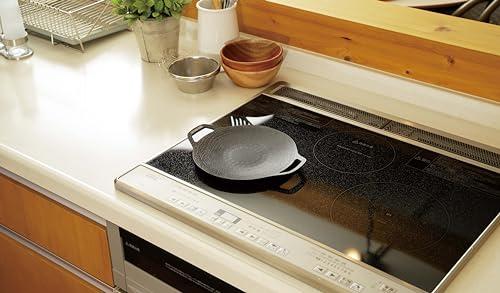 特徴:ふっ素加工(少量の油で調理できてお手入れ簡単。)仕様:オール熱源対応「ガス火・焚き火」「IH」「シーズヒータ」「ハロゲンヒータ」「エンクロヒータ」「ラジエントヒータ」GAS・100V・200Vの加熱器具に使用できます。※レジャー用直結型ガスコンロでは使用できません。
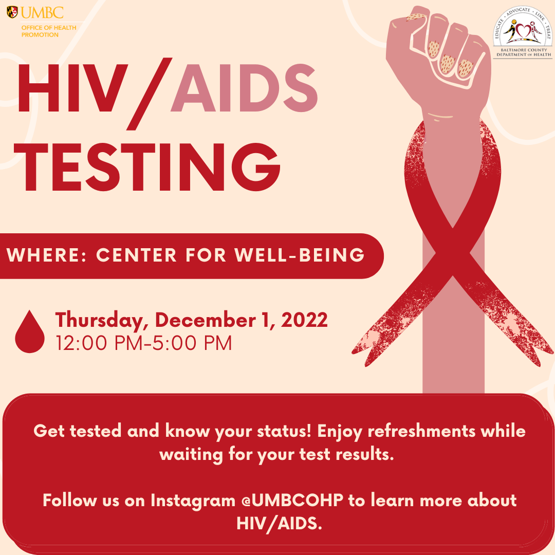 In observance of Worlds AIDS Day, join us and the Baltimore County Department of Health for our HIV/AIDS Testing Event. HIV/AIDS impacts us across gender and sexual identities, race, and class, so it is important to get tested and know your status. Visit our Relaxation Zone in the Center for Well-Being Lobby to learn more about HIV/AIDS prevention while waiting for your test results.
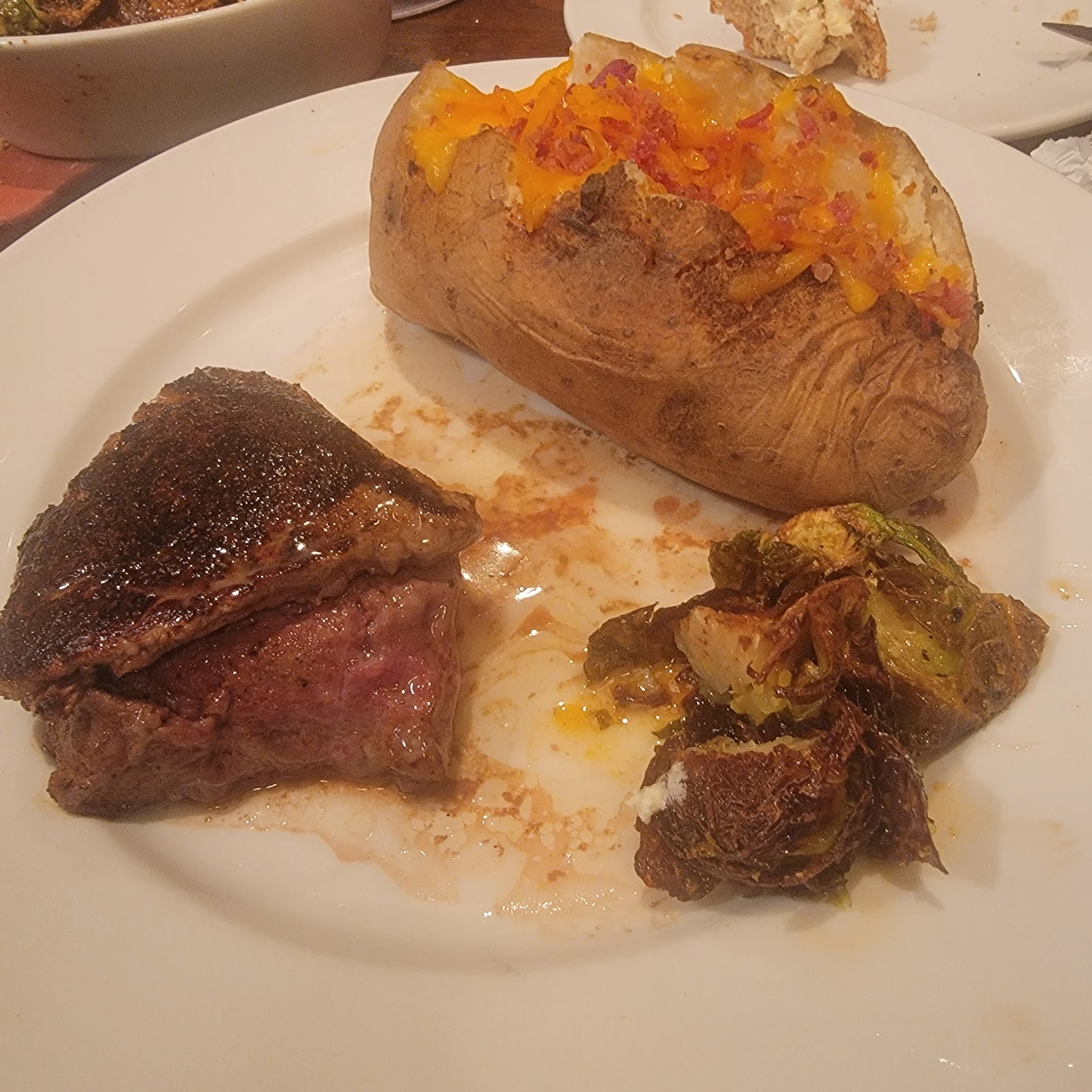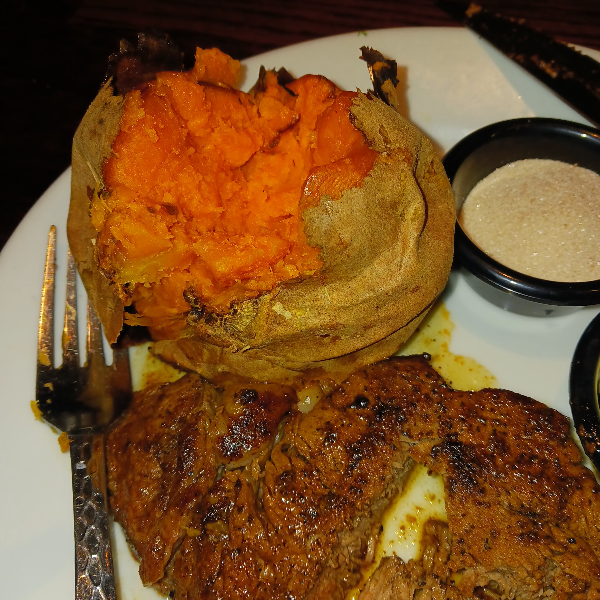 The food was just okay. My ribs were tender, but my wife’s steak was supposed to be medium well and came out well done. When the server finally asked how things were, my wife mentioned the steak, and the response was, it is hard to get it medium well. At this point why ask what we want or just stay home and cook our own i guess. She did offer to replace it, but by that time we were ready to leave. She said she’d discount the steak—but that never happened either.
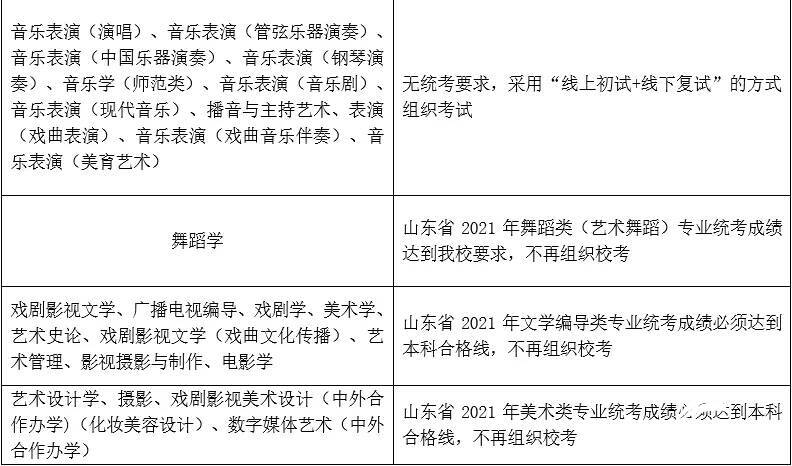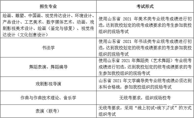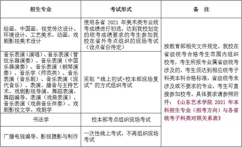 具体统考成绩要求、校考报名考试安排、考试科目、录取原则等相关信息将以《山东艺术学院2021年本科招生简章》形式,通过学校本科招生信息网站(http://zsbgs.sdca.edu.cn)、山东艺术学院官方微信公众号(sdca1958)向社会公布,请广大考生及时关注。
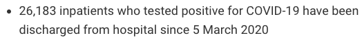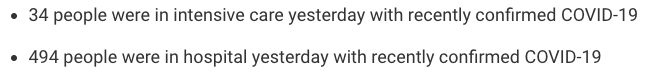 从2020年3月5日以来,苏格兰地区共有26,183名(=)确诊患者出院。截至12月18日午夜,近期住院的疑似/确诊新冠患者494名(-28),其中34名(+1)确诊新冠在重症监护室ICU。
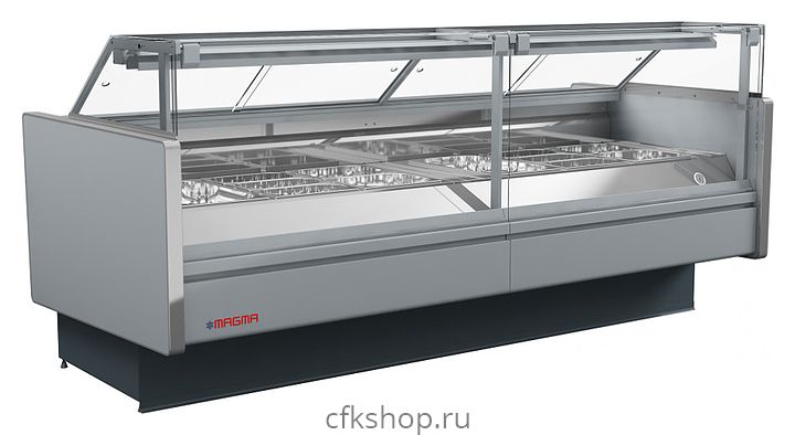 Тепловая витрина MAGMA Beryl 2500 предназначена для демонстрации, подогрева и кратковременного хранения пиццы, булочек, пирогов и различных закусок на предприятиях общественного питания и торговли. Модель оснащена LED-освещением внутреннего объёма. Корпус и поддоны изготовлены из высококачественной нержавеющей стали, суперструктура - из полнотелого алюминиевого профиля, фронтальная панель - из закаленного ударопрочного стекла на гидроподъемниках, столешница - из нержавеющей стали повышенной прочности.
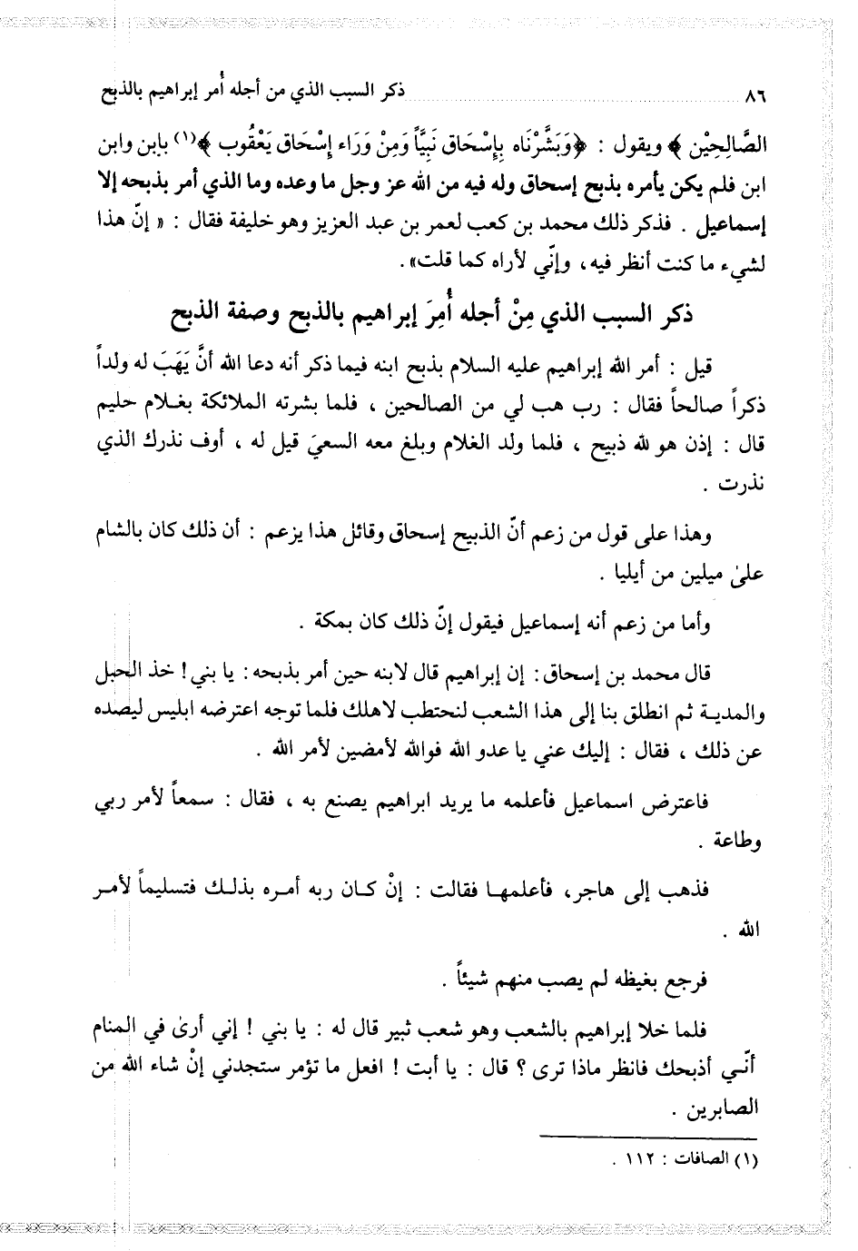 ويقول {فبشرناها بإسحاق ومن وراء إسحاق يعقوب} بإبن وابن ابن فلم يكن يأمره بذبح إسحاق وله فيه من الله عز وجل ما وعده وما الذي أمر بذبحه إلا إسماعيل فذكر ذلك محمد بن كعب لعمر بن عبد العزيز وهو خليفة فقال إن هذا لشيء ما كنت أنظر فيه وإني لأراه كما قلت
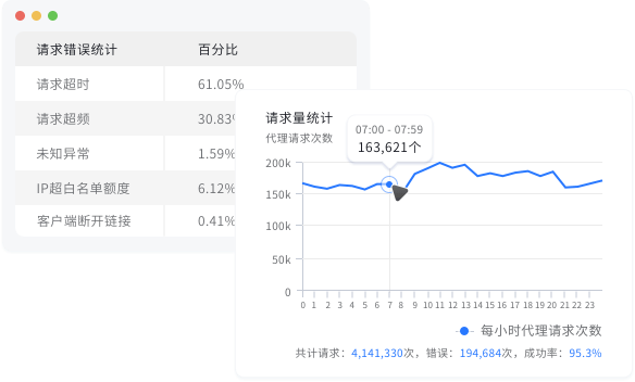 请求统计和错误统计分析,协助您优化采集策略、提升成功率 支持多维度图形和表单展示
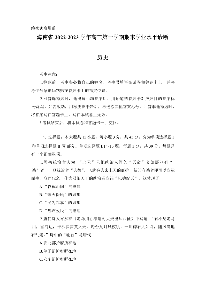 高三历史--海南省2022-2023学年高三上学期期末学业水平诊断

- - - -

YOUR GOAL: Find the line containing "Тепловая витрина MAGMA" in the listing above. Restate it and every line after it, word for word, through the final line, leaving out the pictures.

RESULT OF THIS EXERCISE:
 Тепловая витрина MAGMA Beryl 2500 предназначена для демонстрации, подогрева и кратковременного хранения пиццы, булочек, пирогов и различных закусок на предприятиях общественного питания и торговли. Модель оснащена LED-освещением внутреннего объёма. Корпус и поддоны изготовлены из высококачественной нержавеющей стали, суперструктура - из полнотелого алюминиевого профиля, фронтальная панель - из закаленного ударопрочного стекла на гидроподъемниках, столешница - из нержавеющей стали повышенной прочности.
 ويقول {فبشرناها بإسحاق ومن وراء إسحاق يعقوب} بإبن وابن ابن فلم يكن يأمره بذبح إسحاق وله فيه من الله عز وجل ما وعده وما الذي أمر بذبحه إلا إسماعيل فذكر ذلك محمد بن كعب لعمر بن عبد العزيز وهو خليفة فقال إن هذا لشيء ما كنت أنظر فيه وإني لأراه كما قلت
 请求统计和错误统计分析,协助您优化采集策略、提升成功率 支持多维度图形和表单展示
 高三历史--海南省2022-2023学年高三上学期期末学业水平诊断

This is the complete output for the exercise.